Unit of Oncology 1, Department of Medical and Oncological Area, Pisa University Hospital, 56126 Pisa, Italy.
Division of Pathology, Department of Translational Research and New Technologies in Medicine and Surgery, University of Pisa, 56126 Pisa, Italy.
Int J Mol Sci. 2022 Jan 31;23(3):1665. doi: 10.3390/ijms23031665.

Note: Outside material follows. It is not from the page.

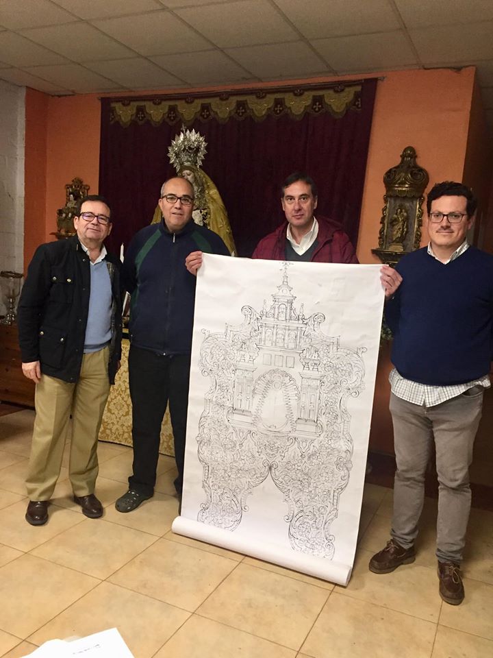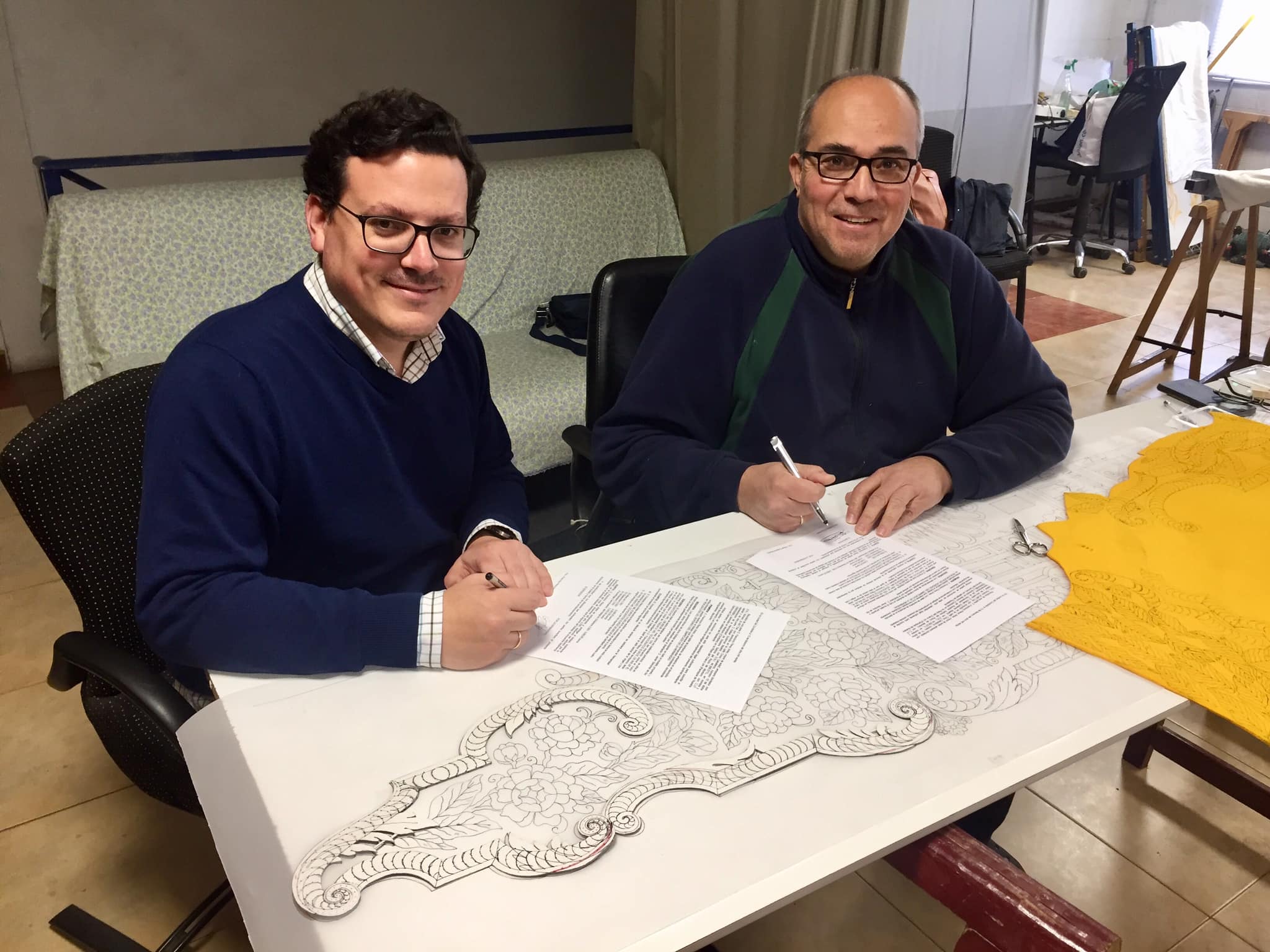 Firmado el contrato de realización ha dado comienzo la ejecución del proyecto de Simpecado de nuestra Hermandad por parte de los talleres de bordado del cordobés Francisco Pérez Artes.

Triple-negative breast cancer (TNBC) is associated with high recurrence rates, high incidence of distant metastases, and poor overall survival (OS). Taxane and anthracycline-containing chemotherapy (CT) is currently the main systemic treatment option for TNBC, while platinum-based chemotherapy showed promising results in the neoadjuvant and metastatic settings. An early arising of intrinsic or acquired CT resistance is common and represents the main hurdle for successful TNBC treatment. Numerous mechanisms were uncovered that can lead to the development of chemoresistance. These include cancer stem cells (CSCs) induction after neoadjuvant chemotherapy (NACT), ATP-binding cassette (ABC) transporters, hypoxia and avoidance of apoptosis, single factors such as tyrosine kinase receptors (EGFR, IGFR1), a disintegrin and metalloproteinase 10 (ADAM10), and a few pathological molecular pathways. Some biomarkers capable of predicting resistance to specific chemotherapeutic agents were identified and are expected to be validated in future studies for a more accurate selection of drugs to be employed and for a more tailored approach, both in neoadjuvant and advanced settings. Recently, based on specific biomarkers, some therapies were tailored to TNBC subsets and became available in clinical practice: olaparib and talazoparib for germline mutation carriers larotrectinib and entrectinib for neurotrophic tropomyosin receptor kinase () gene fusion carriers, and anti-trophoblast cell surface antigen 2 (Trop2) antibody drug conjugate therapy for heavily pretreated metastatic TNBC (mTNBC). Further therapies targeting some pathologic molecular pathways, apoptosis, miRNAS, epidermal growth factor receptor (EGFR), insulin growth factor 1 receptor (IGF-1R), and androgen receptor (AR) are under investigation. Among them, phosphatidylinositol 3 kinase (PI3K)/protein kinase B (Akt)/mammalian target of rapamycin (mTOR) and EGFR inhibitors as well as antiandrogens showed promising results and are under evaluation in Phase II/III clinical trials. Emerging therapies allow to select specific antiblastics that alone or by integrating the conventional therapeutic approach may overcome/hinder chemoresistance.
三阴性乳腺癌(TNBC)与高复发率、远处转移发生率高和总体生存率(OS)差有关。紫杉烷和蒽环类药物化疗(CT)是目前 TNBC 的主要全身治疗选择,而铂类化疗在新辅助和转移性环境中显示出有希望的结果。内在或获得性 CT 耐药的早期出现是常见的,是成功治疗 TNBC 的主要障碍。已经发现了许多导致化疗耐药的机制。这些包括新辅助化疗(NACT)后癌症干细胞(CSC)的诱导、ATP 结合盒(ABC)转运蛋白、缺氧和避免细胞凋亡、单一因素如酪氨酸激酶受体(EGFR、IGFR1)、解整合素和金属蛋白酶 10(ADAM10),以及一些病理分子途径。一些能够预测对特定化疗药物耐药的生物标志物已被确定,并有望在未来的研究中得到验证,以便更准确地选择要使用的药物,并在新辅助和晚期环境中采用更具针对性的方法。最近,根据特定的生物标志物,一些疗法针对 TNBC 亚组进行了调整,并在临床实践中得到应用:奥拉帕利和他拉唑帕利用于胚系突变携带者;拉罗替尼和恩曲替尼用于神经营养性原肌球蛋白受体激酶(TRK)基因融合携带者;抗滋养细胞表面抗原 2(Trop2)抗体药物偶联物用于预处理后转移性三阴性乳腺癌(mTNBC)。针对一些病理分子途径、细胞凋亡、miRNAS、表皮生长因子受体(EGFR)、胰岛素生长因子 1 受体(IGF-1R)和雄激素受体(AR)的进一步治疗正在研究中。其中,磷脂酰肌醇 3 激酶(PI3K)/蛋白激酶 B(Akt)/哺乳动物雷帕霉素靶蛋白(mTOR)和 EGFR 抑制剂以及抗雄激素已显示出有希望的结果,并正在 II/III 期临床试验中进行评估。新兴的治疗方法允许选择特定的抗白血病药物,这些药物单独或通过整合常规治疗方法,可能克服/阻碍化疗耐药性。